Powiedział on sejmowej komisji sprawiedliwości, że badane wątki to: defekt techniczny samolotu, działania lub zaniechania członków załogi; organizacja i zabezpieczenie lotu oraz "zachowania osób trzecich, w tym możliwość zamachu".
Parulski wyjaśnił, że w śledztwie rozpatrywane są ewentualne nieprawidłowości zarówno polskiego, jak i rosyjskiego personelu naziemnego i - jak podkreślił - "nie należy tego zawężać tylko do służb lotniczych". Dodał, że w tym wątku zawierają się też m.in. "niezamierzone błędne komendy wieży lotów", "niewłaściwe zabezpieczenie meteorologiczne lotu", "niedociągnięcia nadzoru lub planowania lotu", "nadmierne ryzyko ze strony załogi", "zwiększone obciążenie pracy załóg", "zły dobór załóg".

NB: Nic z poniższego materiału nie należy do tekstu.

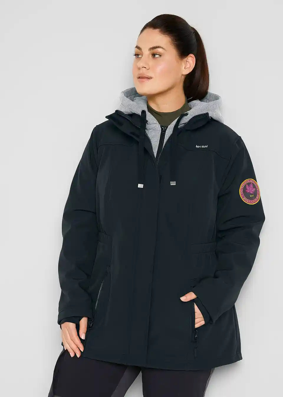 Sve žene koje se vole kretati na otvorenom brzo će zavoljeti ovu Softshell dugu jaknu u 2-u-1 izgledu. Funkcionalna Softshell jakna podstavljena je umetkom od pamuka i zatvara se dvosmjernim patentnim zatvaračem. Mekani materijal od pamuka i dodatni elastični umetak u području struka osiguravaju vrlo ugodan osjećaj nošenja. Softshell jakna je otporna na vjetar, vodoodbojna te prozračna i intenzivno brušena iznutra. Praktični detalji poput otvora za palac i dva prednja džepa s patentnim zatvaračem čine jaknu iz bpc kolekcije nezaobilaznim odjevnim predmetom za svakodnevni život.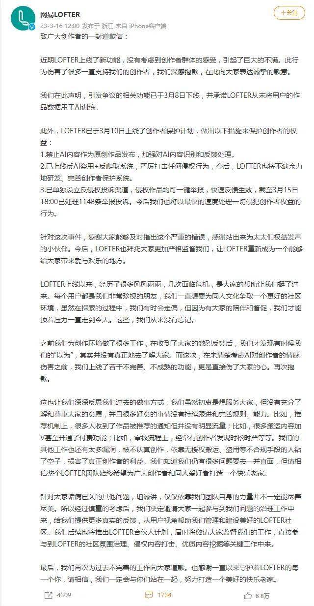 所以,需要抵制的也許並不是AI應用於生產,而是隨着AI深度參與生產,原有的版權體系、商業模式需要一場革新。在這個過程中,爭議是必然的,也是必須的,而新的規則,會在不斷的博弈中逐漸誕生。輿論場最該保護的,是所有羣體發出自己聲音的權利。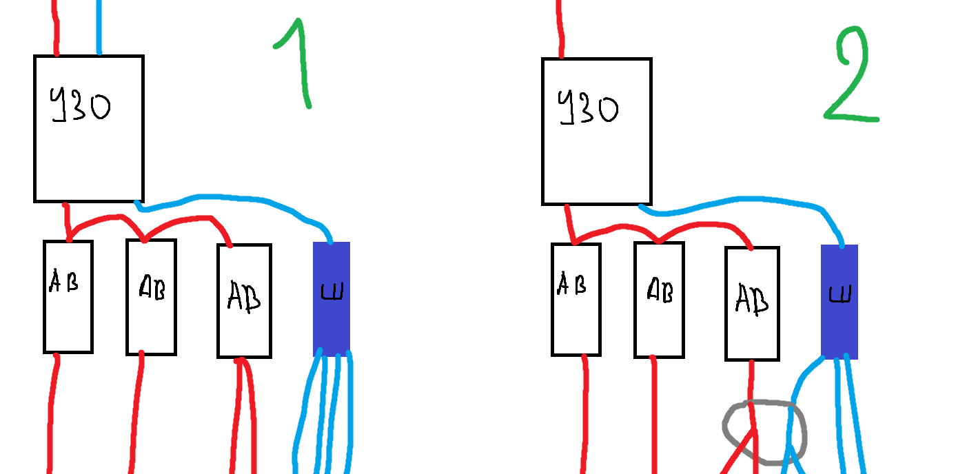 — Чем отличается УЗО от дифавтомата? — Дифавтомат – это автомат + УЗО в одном корпусе. Экономит место в маленьком щитке за счет большей стоимости.

Według Parulskiego, polskie śledztwo prowadzi obecnie 9 prokuratorów (w tym dwóch realizuje wniosek Rosji o pomoc prawną). Przesłuchano już 219 świadków, a 120 jest jeszcze do przesłuchania. Nadzór nad śledztwem sprawują zastępcy szefa NPW, w tym Marek Pasionek.
Parulski potwierdził, że 2 sierpnia wpłynęły dwa kolejne wnioski Rosji o pomoc prawną. W jednym rosyjska prokuratura zwraca się o informacje m.in. o "przebywaniu postronnych osób w kabinie"; o odczyt zapisu rozmów w kokpicie przez polskich biegłych; o wykaz połączeń z pokładu samolotu w chwili podchodzenia do lądowania.